Proposta de recontagem de mortos
Além da mudança e atraso nos boletins e da ocultação de informações da plataforma da covid-19, a declaração do empresário Carlos Wizard, convidado por Pazuello para assumir a Secretaria da Ciência, Tecnologia e Insumos Estratégicos (do Ministério da Saúde), de que o Governo vai recontar os mortos da covid-19 nos Estados provocou revolta entre as secretarias estaduais de Saúde. “Tinha muita gente morrendo por outras causas e os gestores públicos, puramente por interesse de ter um orçamento maior nos seus municípios, nos seus estados, colocavam todo mundo como covid. Estamos revendo esses óbitos”, afirmou ao jornal O Globo, no sábado.
“A tentativa autoritária, insensível, desumana e antiética de dar invisibilidade aos mortos pela Covid-19, não prosperará”, criticou o Conselho Nacional dos Secretários de Saúde (Conass), em nota publicada neste sábado, como reação às declarações de Wizard. “[A fala] Insulta a memória de todas aquelas vítimas indefesas desta terrível pandemia e suas famílias”, completou o Conass.
“As medidas contrariam a Constituição Federal, a Lei de Acesso à Informação, as boas práticas de transparência pública reconhecidas internacionalmente e evidenciam, mais uma vez, o espírito antidemocrático do governo de Jair Bolsonaro”, repudiou a Associação Brasileira de Jornalismo Investigativo (Abraji). “A Abraji repudia o abuso de autoridade por parte do alto escalão do governo federal e condena tentativa de impor obstáculos às atividades jornalísticas através da ocultação de informações de interesse público. Também apela aos demais poderes da República para que fiscalizem e punam eventuais atos de improbidade administrativa com o máximo rigor da lei”, completou a entidade, em nota. “A transparência de informação é um instrumento poderoso no combate à epidemia”, criticou Paulo Jerônimo de Sousa, presidente da ABI (Associação Brasileira de Imprensa), em nota na qual acusa o governo de “tentar silenciar a imprensa tarde da noite”.
A ocultação dos dados pelo Governo não deve, entretanto, passar incólume. De acordo com o G1, a Defensoria Pública da União (DPU) ingressou com um pedido de liminar na Justiça Federal de São Paulo para que o Governo volte a divulgar os dados sobre a pandemia integralmente.

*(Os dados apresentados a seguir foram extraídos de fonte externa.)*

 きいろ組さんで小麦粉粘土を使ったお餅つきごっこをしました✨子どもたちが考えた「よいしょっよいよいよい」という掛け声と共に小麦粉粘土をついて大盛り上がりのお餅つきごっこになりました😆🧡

O presidente da Câmara, Rodrigo Maia (DEM-RJ) afirmou ter feito um “apelo” ao ministro da Secretaria-Geral da Presidência, Jorge Oliveira, para que o Governo “restabeleça a transparência”. Já o ministro Bruno Dantas, do Tribunal de Contas da União (TCU), também afirmou que estuda propor que seja estabelecido um horário limite para que os Estados e o Governo federal divulguem os dados.

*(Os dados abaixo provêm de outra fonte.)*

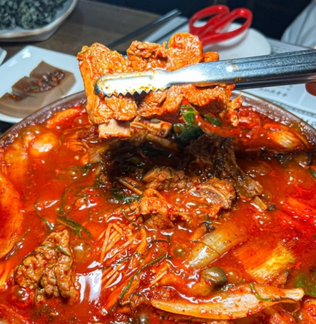여기의 대표 요리는 ‘떠먹는 갈비찜’이다. 보통의 갈비찜과는 다르게 국물이 자작하여, 찌개처럼 끓일수록 매콤하고 깊은 맛이 난다. 고추기름이 올라간 국물에 건더기를 담가 한입 먹으면 그 매콤한 맛이 입안을 사로잡는다.

Enquanto isso, nas redes sociais, a comparação entre Bolsonaro e o norte-coreano Kim Jong-Un dispararam ―a Coreia do Norte não divulga seus mortos pelo novo coronavírus e o nome do país era trending topic mundial justamente pela comparação entre os dois líderes. “Agora será padrão Kim Jong-Un? O ditador da Coreia do Norte decidiu que ninguém morreu de Covid19 no seu país. Funciona assim em ditadura”, escreveu o jornalista Guga Chacra.